When you go on expeditions, you do it in isolation. No phone, no contact. Your people know where you go and when you leave, nothing more until you come back. When did you decide to do it like this?

— Since the first expedition I have been isolated, it was not something planned, nor an issue to consider, it is simply how it was. On my own, it makes even more sense for me to go isolated because if I go alone it is, among other things, to experience that solitude chosen by me, which I live in a positive way. Going in communication would break that state.

When you are on a trip and moments of great beauty occur, such as the light, seeing an animal, achieving a milestone... don't you feel bad not sharing it with someone?

— You can capture beauty without having to be with someone by your side. Even though I go alone and am physically alone, I don't feel alone when I'm on an expedition, because the people I love are there. comes with me. Later I have the opportunity to share the moments with many people; I give lectures and for years I relive those moments. Not only to see the images again, but because I am sharing the memories, often and with different people.

Who is more alone? You when you go on a trip or a large part of society when they spend hours looking at a screen?

— Each case would have to be looked at individually.
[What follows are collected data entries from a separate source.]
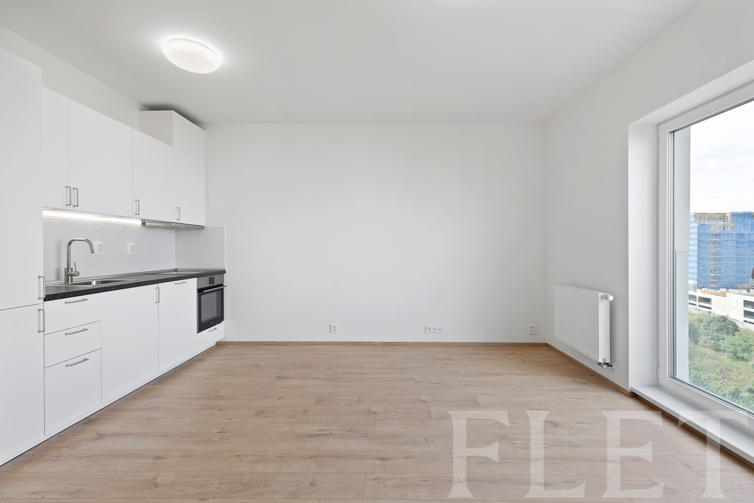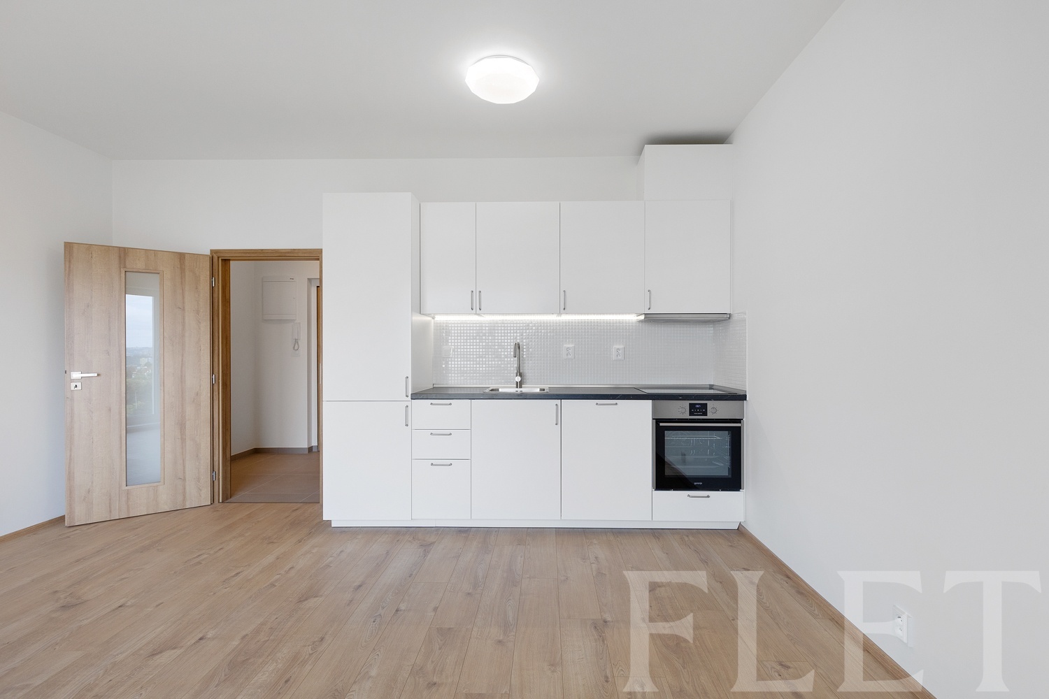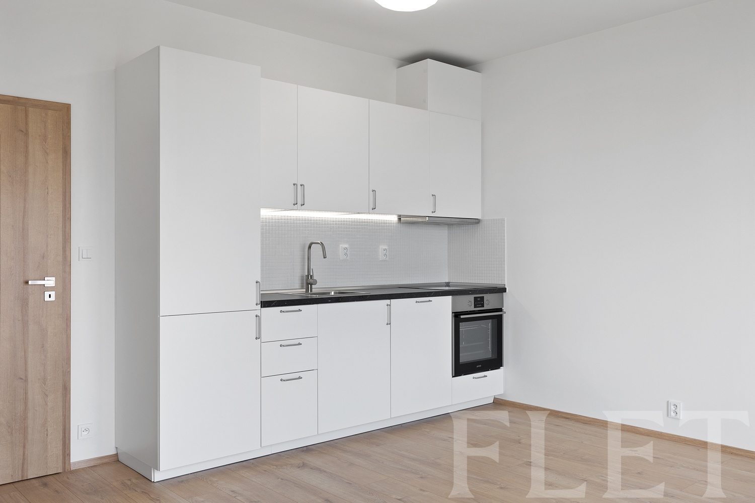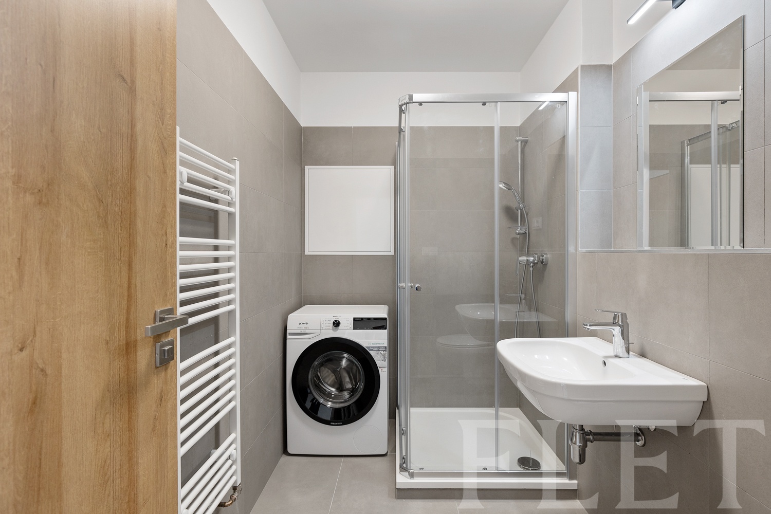 Kuchyně s obývací částí je díky velkému francouzskému oknu krásně prosvětlená, což prostoru dodává vzdušnost a příjemnou atmosféru po celý den. Moderní kuchyňská linka nabízí dostatek úložných prostor a poskytuje komfort pro každodenní vaření. V prostorné koupelně najdete sprchový kout, toaletu a pračku.
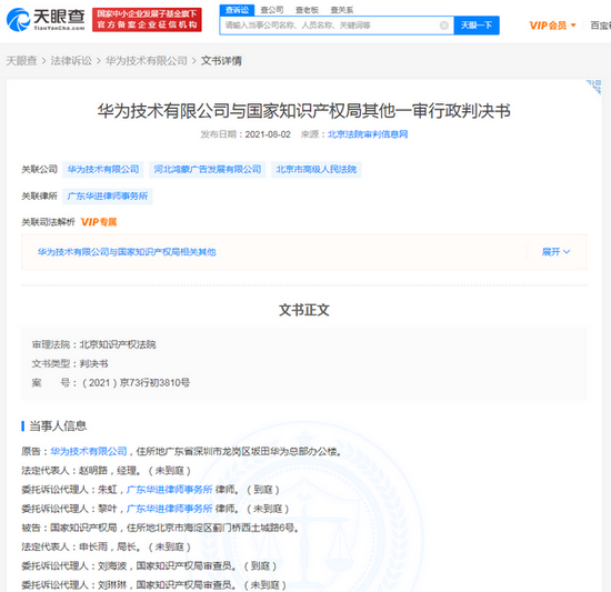 - 8月2日下午消息,天眼查App顯示,8月2日,華為技術有限公司與國家知識產權局其他一審行政判決書公開,案號(2021)京73行初3810號,審理法院為北京知識產權法院。 判決書顯示,原告華為技術有限公
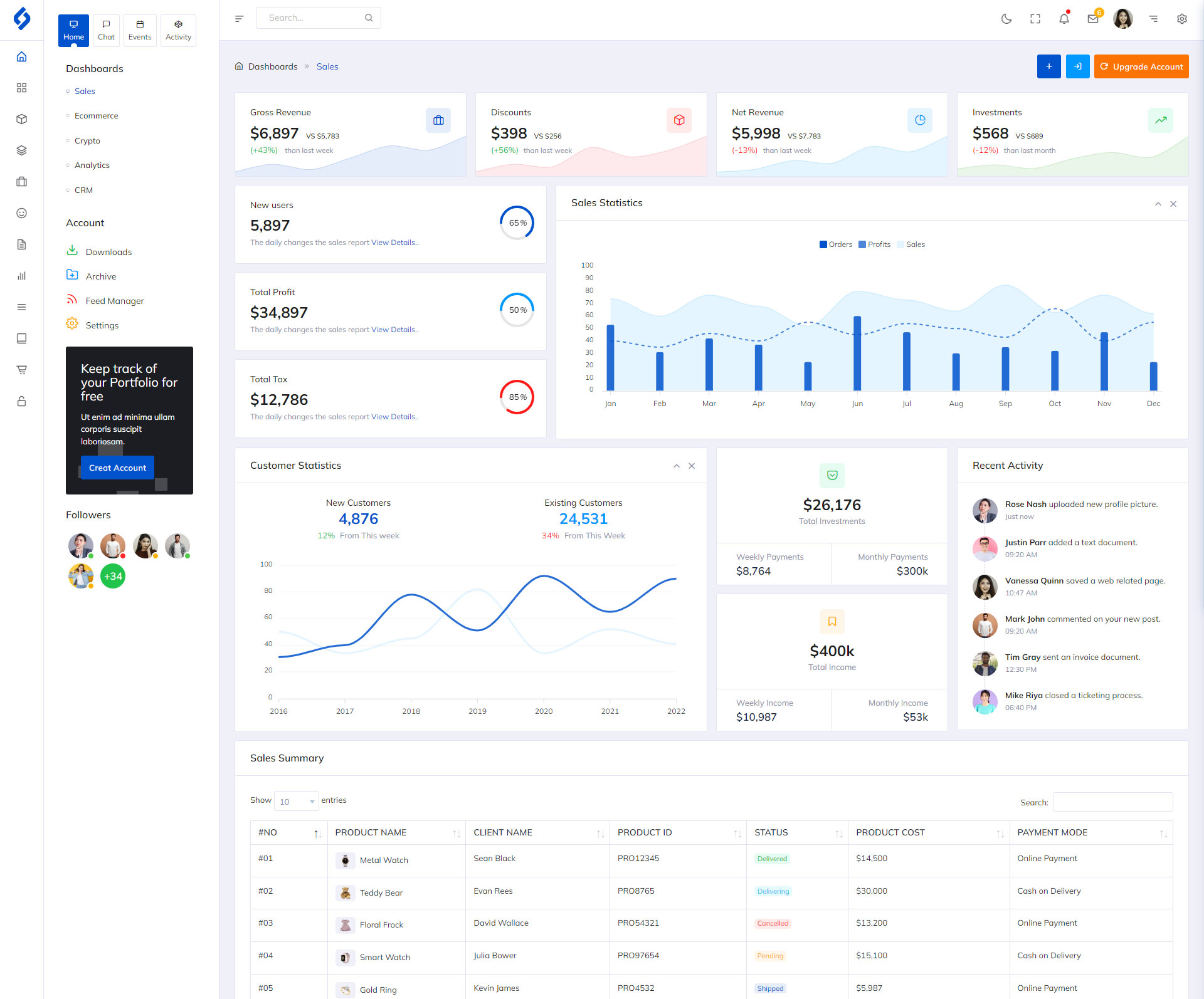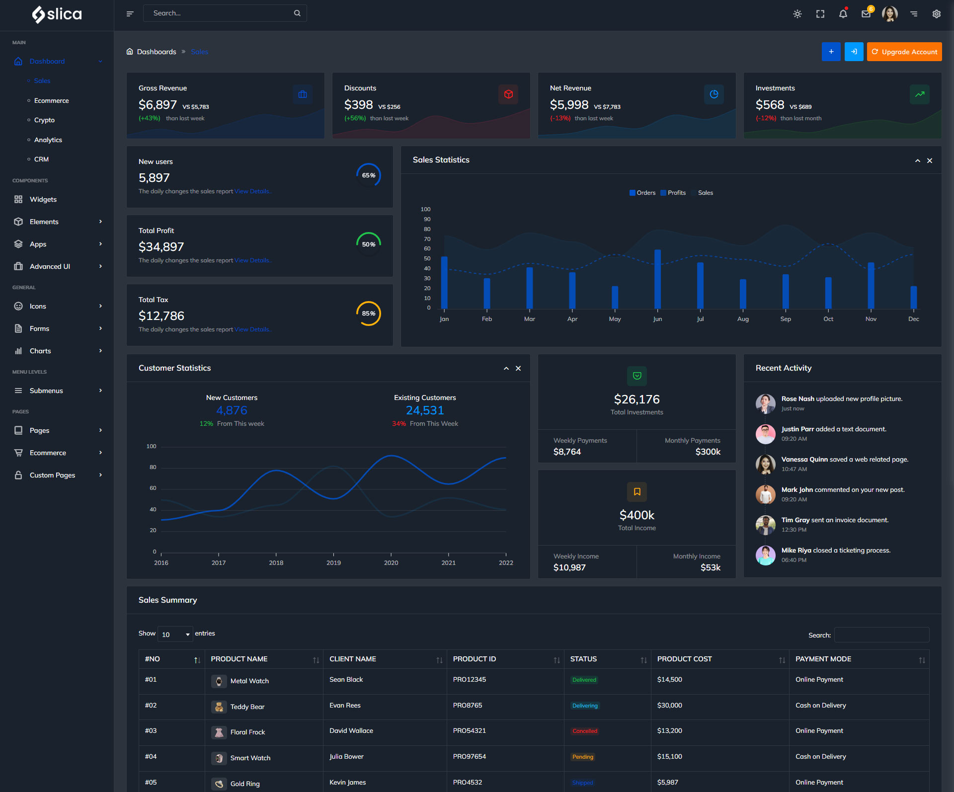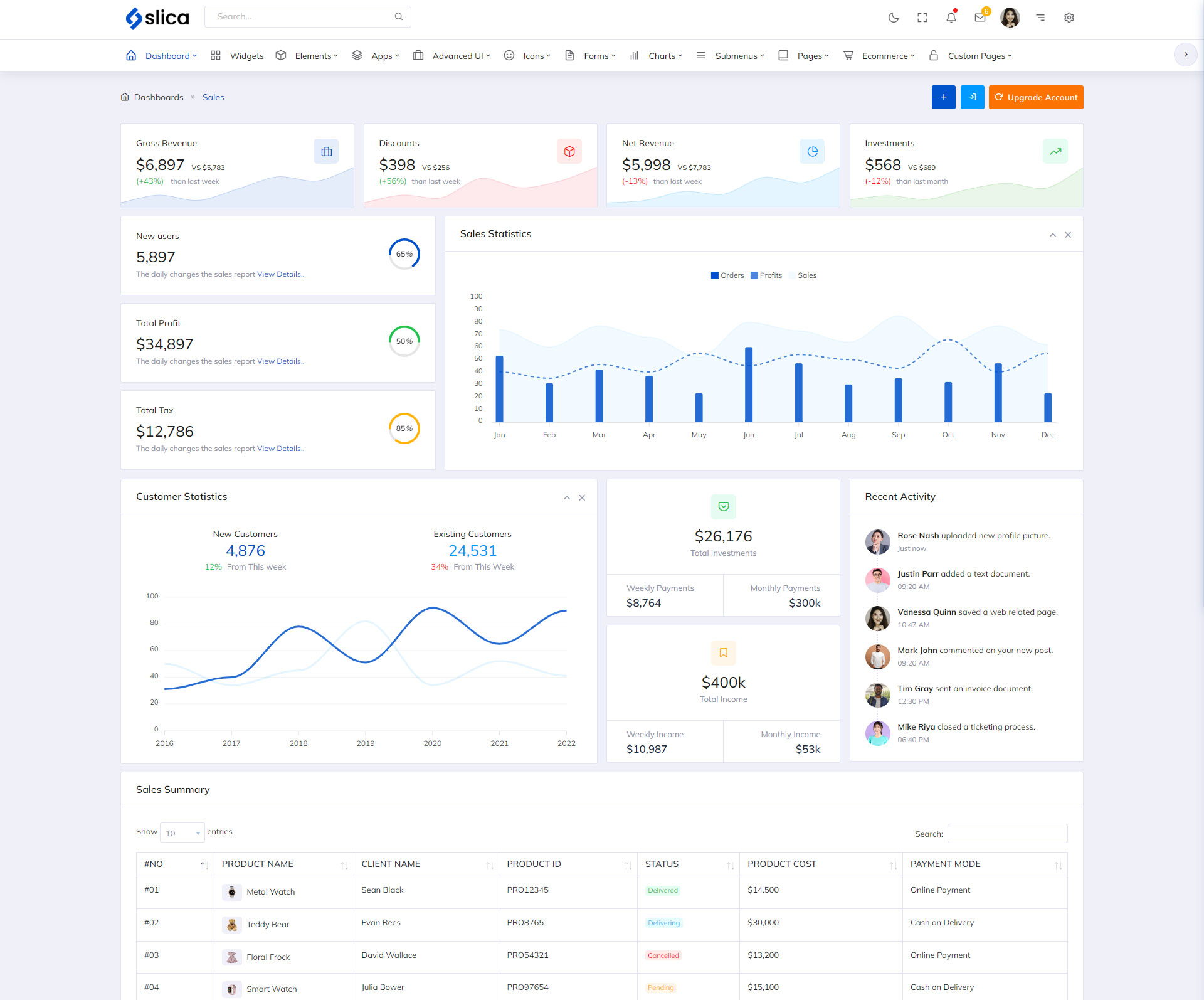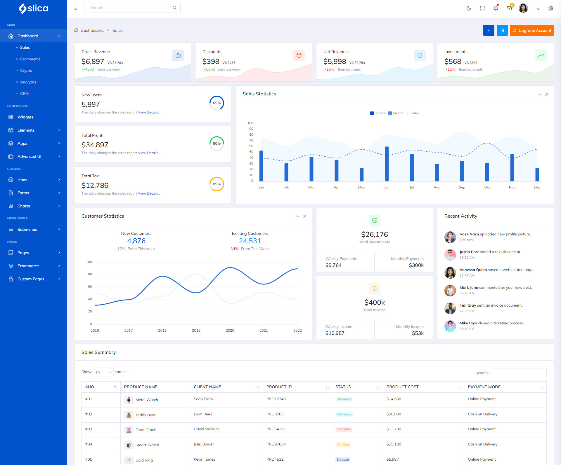 Slica - Premium Bootstrap 5 HTML 5 Admin & Dashboard Template boasts essential features such as design quality, compatibility with your front-end framework, responsiveness, ease of customization, comprehensive documentation, and dedicated support. Additionally, it includes integrated plugins and other supplementary features.

Espiademonios, Sangtraït, Sol Solet, Life is Lilac... You've been asked this before, but where do you get the names you give to the routes and paths you open for the first time?

— They are usually names that appear during the weeks of climbing; from situations experienced there, from thoughts that may have arisen, from anecdotes...

What is your first memory of a mountain, how did you get into the world of climbing?

— My first memory of a mountain is probably in Aneto with my parents and friends from the athletics group, when I was little.

You had practiced athletics. Has climbing walls and peaks changed the way you understand your body and how we relate to nature?

— What has changed the way I understand my body has been pushing it to its physical limits. I would say that my relationship with nature is natural, and again, what has changed has been being able to put words to a way of relating to it that allows me to understand myself better.